Your goal:
Retype exactly the span of lines below from the one with "Alarm in place output wiring diagram" through the one with "Gator Idol Talent Show Winners". Do not include pictures.
━━━━━ Supplied records ━━━━━
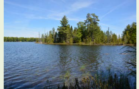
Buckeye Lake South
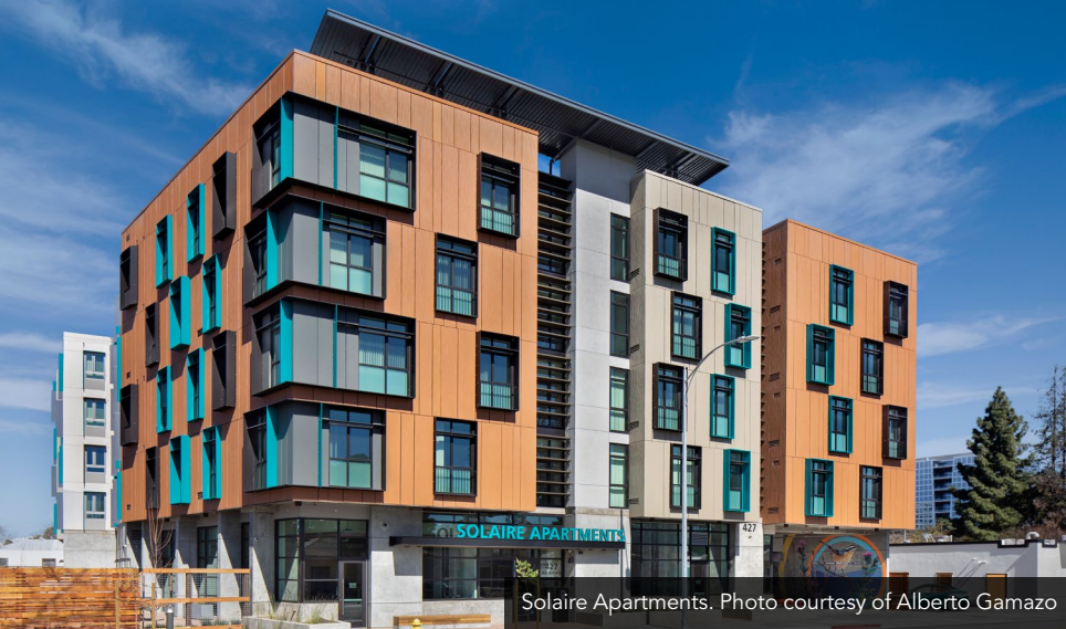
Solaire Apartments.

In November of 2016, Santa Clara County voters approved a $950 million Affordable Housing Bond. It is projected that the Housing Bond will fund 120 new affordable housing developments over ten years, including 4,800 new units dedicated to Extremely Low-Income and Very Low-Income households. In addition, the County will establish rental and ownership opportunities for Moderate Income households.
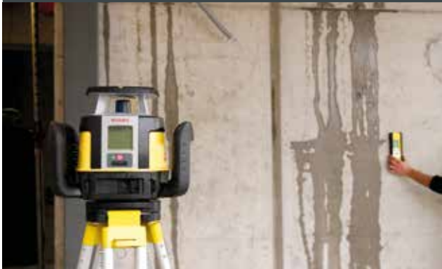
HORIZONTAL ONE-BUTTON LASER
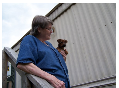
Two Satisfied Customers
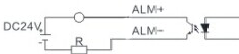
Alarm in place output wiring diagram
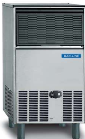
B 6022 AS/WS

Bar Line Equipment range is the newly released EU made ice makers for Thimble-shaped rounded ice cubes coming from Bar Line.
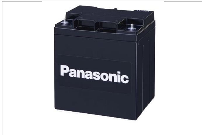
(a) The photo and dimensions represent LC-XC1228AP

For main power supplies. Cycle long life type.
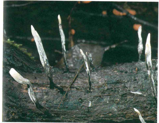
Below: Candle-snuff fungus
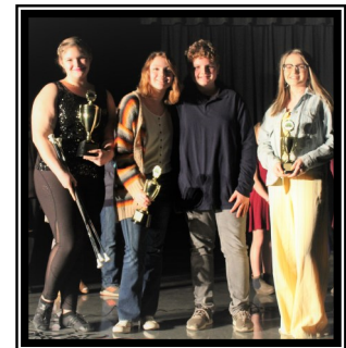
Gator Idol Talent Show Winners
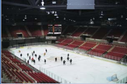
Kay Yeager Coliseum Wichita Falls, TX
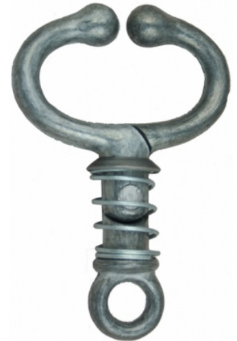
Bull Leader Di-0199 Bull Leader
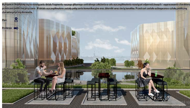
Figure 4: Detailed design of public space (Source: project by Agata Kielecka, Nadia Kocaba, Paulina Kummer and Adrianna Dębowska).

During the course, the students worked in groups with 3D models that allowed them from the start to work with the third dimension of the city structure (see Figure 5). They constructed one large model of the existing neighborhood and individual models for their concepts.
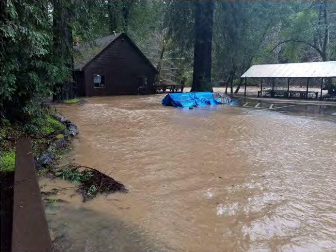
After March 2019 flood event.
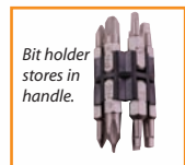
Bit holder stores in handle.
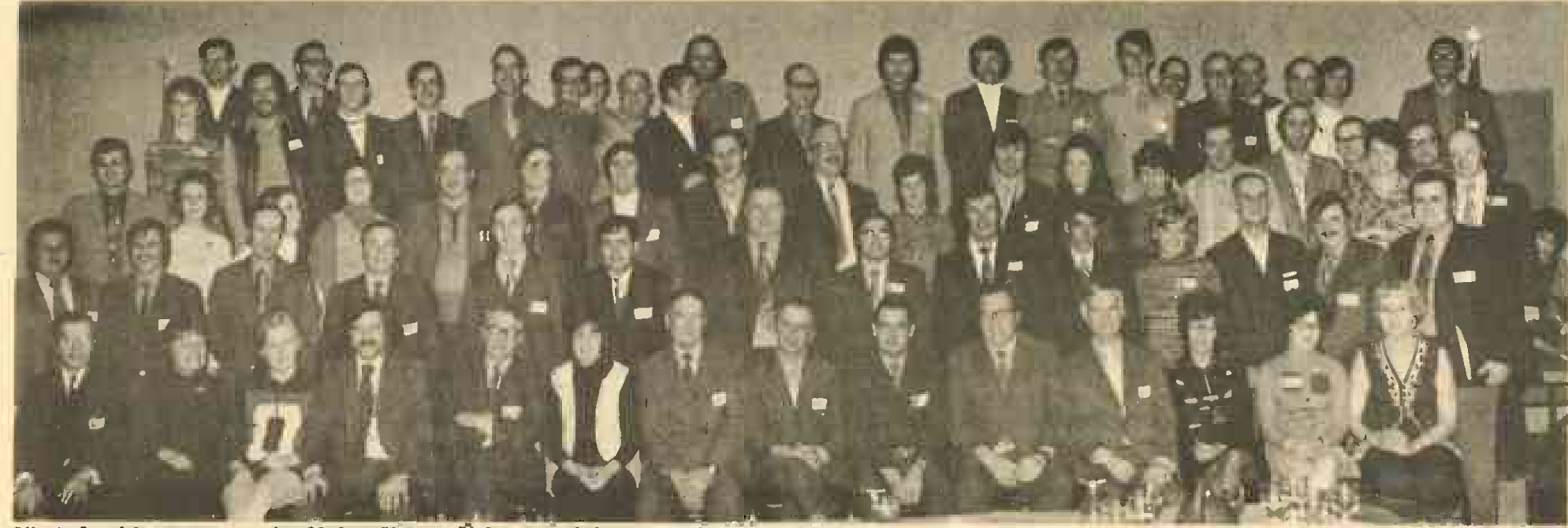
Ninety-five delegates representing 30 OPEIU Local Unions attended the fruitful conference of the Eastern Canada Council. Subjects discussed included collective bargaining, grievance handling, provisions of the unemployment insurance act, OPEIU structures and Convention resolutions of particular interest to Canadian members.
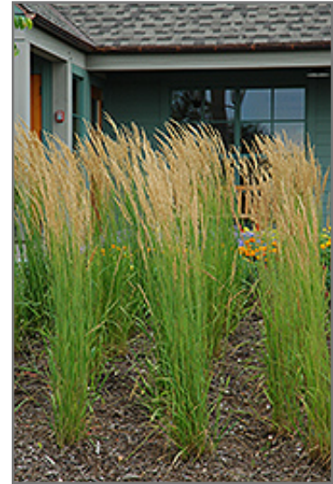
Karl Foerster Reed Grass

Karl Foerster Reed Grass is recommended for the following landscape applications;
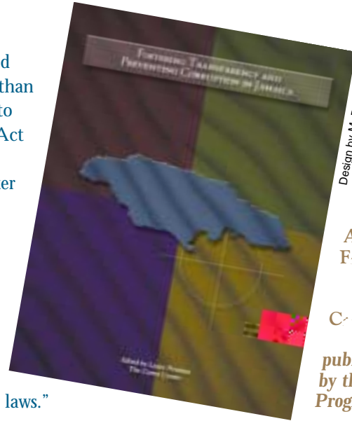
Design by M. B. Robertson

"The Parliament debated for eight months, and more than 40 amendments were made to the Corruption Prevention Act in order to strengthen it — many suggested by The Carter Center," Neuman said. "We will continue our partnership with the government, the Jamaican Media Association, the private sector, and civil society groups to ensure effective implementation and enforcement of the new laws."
━━━━━
━━━━━ Supplied records ━━━━━
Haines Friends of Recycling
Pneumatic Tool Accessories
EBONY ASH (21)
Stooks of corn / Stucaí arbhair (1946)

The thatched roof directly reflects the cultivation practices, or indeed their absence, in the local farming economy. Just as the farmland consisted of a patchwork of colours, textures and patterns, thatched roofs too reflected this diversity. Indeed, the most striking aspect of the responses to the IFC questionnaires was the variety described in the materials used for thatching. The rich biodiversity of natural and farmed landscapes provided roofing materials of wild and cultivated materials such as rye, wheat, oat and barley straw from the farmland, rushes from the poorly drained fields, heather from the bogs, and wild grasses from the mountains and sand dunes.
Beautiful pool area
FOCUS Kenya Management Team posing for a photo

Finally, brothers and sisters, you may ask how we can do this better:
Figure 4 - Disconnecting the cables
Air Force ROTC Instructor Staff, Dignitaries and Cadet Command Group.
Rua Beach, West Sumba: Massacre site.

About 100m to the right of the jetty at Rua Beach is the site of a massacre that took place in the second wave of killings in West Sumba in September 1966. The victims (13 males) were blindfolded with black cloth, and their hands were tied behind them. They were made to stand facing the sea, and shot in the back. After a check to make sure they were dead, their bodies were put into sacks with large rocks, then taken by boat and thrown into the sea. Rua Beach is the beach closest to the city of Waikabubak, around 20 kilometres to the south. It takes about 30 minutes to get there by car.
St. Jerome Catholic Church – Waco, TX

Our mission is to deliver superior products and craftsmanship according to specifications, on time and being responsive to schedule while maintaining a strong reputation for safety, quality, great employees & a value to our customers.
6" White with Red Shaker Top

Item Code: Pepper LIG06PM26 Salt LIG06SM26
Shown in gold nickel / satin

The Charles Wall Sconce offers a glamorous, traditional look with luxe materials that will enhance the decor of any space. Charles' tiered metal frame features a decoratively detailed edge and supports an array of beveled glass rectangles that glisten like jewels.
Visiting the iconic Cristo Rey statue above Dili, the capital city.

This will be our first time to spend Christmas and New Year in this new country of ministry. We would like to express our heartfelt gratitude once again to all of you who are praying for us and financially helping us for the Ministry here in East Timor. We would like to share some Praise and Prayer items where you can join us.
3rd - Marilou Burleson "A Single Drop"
━━━━━
Completed exercise:
Alarm in place output wiring diagram
B 6022 AS/WS

Bar Line Equipment range is the newly released EU made ice makers for Thimble-shaped rounded ice cubes coming from Bar Line.
(a) The photo and dimensions represent LC-XC1228AP

For main power supplies. Cycle long life type.
Below: Candle-snuff fungus
Gator Idol Talent Show Winners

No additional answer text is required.